In accordance with this postulate, we call stress vector, for non-micropolar environments, \(\text{F}\left(\text{n}\right)\) the vector that characterizes the contact forces exerted through a surface element \(\mathit{dS}\) of normal \(\text{n}\) on a part of a continuous medium [bib 1] _.
We demonstrate [bib3] _, then, that the dependence at a fixed point of \(\text{F}\) on the normal \(\text{n}\) is linear and that there is a tensor called stress tensor \(\sigma\) such that:
\(\text{F}\left(\text{n}\right)=\sigma \text{n}\)
The unit of constraints in the international system is \(\text{N}\mathrm{.}{\text{m}}^{-2}\equiv \text{Pa}\).
For the entire structure, the « stress state » is characterized by a stress tensor field, which is more simply referred to as a stress field.
1.2. Effort#
With regard to the structures of beams or shells, contrary to the case of the continuous medium, it should be noted that:
only the normal \(\text{n}\) directions of cuts according to the space tangent to the manifold are possible,
the characteristic quantities are obtained by integrating the quantities defined for continuous media into the section or thickness.

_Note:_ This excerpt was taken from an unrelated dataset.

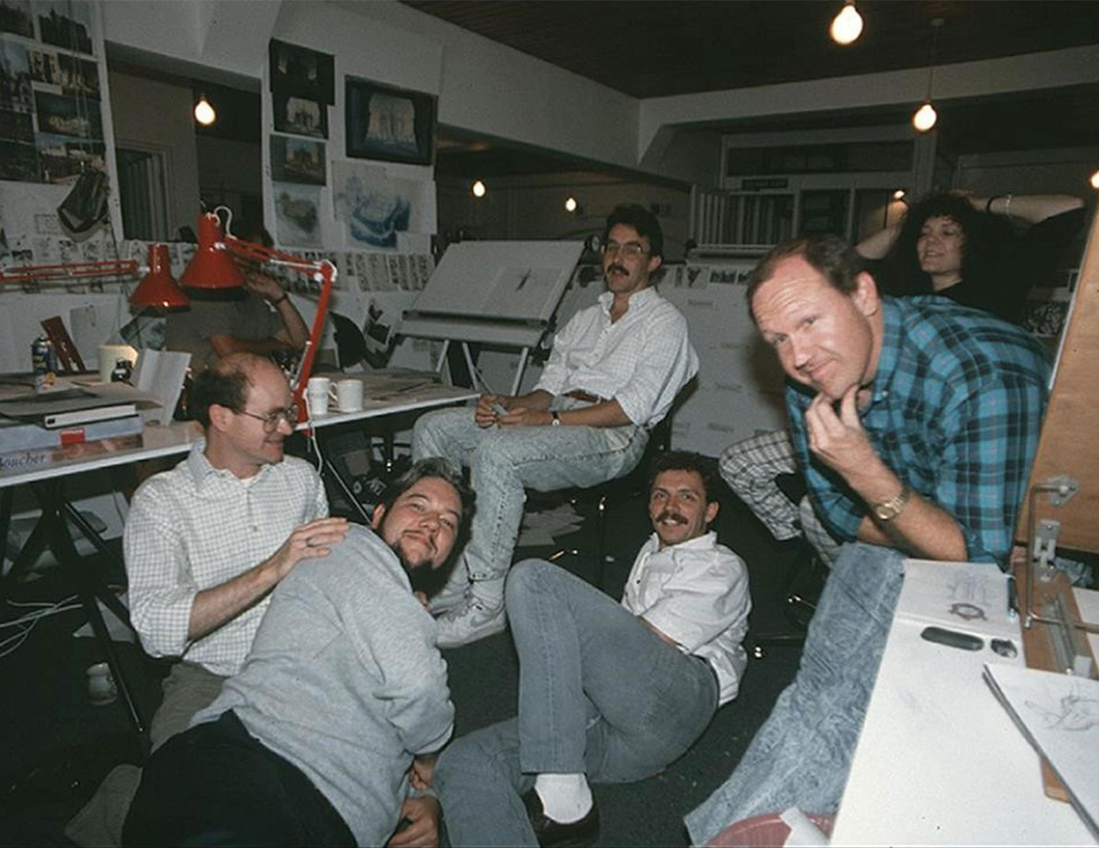 Richard Purdum, Tom Sito, Don Hahn, Andreas Deja, Glen Keane, and Jean Gillmore working on an early, abandoned concept for Beauty and the Beast. Photograph courtesy Hans Bacher

1.2.1. Case of the Discretes#
Discretes are finite elements that may not have a physical dimension. They are represented by their stiffness matrix. The efforts are obtained by multiplying this matrix by the displacement vector:
\((\begin{array}{c}F\\ M\end{array})=\left[k\right]\text{.}(\begin{array}{c}D\\ R\end{array})\)
1.2.2. Case of beams#
We call effort, the elements of reduction \(\left(F,M\right)\) in \(P\), the geometric center of inertia of the straight section \(\Sigma\), of the torsor resulting from the contact forces exerted on the section [bib2] _.
With the previous notations:
\(\begin{array}{ccc}F& ={\int }_{\Sigma }\text{F}(\tau )\text{ds}& (N)\\ {M}_{p}& ={\int }_{\Sigma }\text{PM}\wedge \text{F}(\tau )\text{ds}& (N\text{.}m)\end{array}\)
Force \(F\) breaks down into a normal force \(N\) and shear forces \(T\) in the plane of the section while the moment \(M\) at point \(P\) breaks down into a twisting moment and bending moments at point \(P\). The fuel assembly skeleton elements (R3.08.08) also carry the moments of grids \({M}_{g}\), with a formulation equivalent to \(M\).
For beams whose cross section is not considered to be rigid, these elements of reduction are not sufficient: for example, for beams taking into account the warping of the sections, one has to consider an additional quantity of force due to warping (the bimoment).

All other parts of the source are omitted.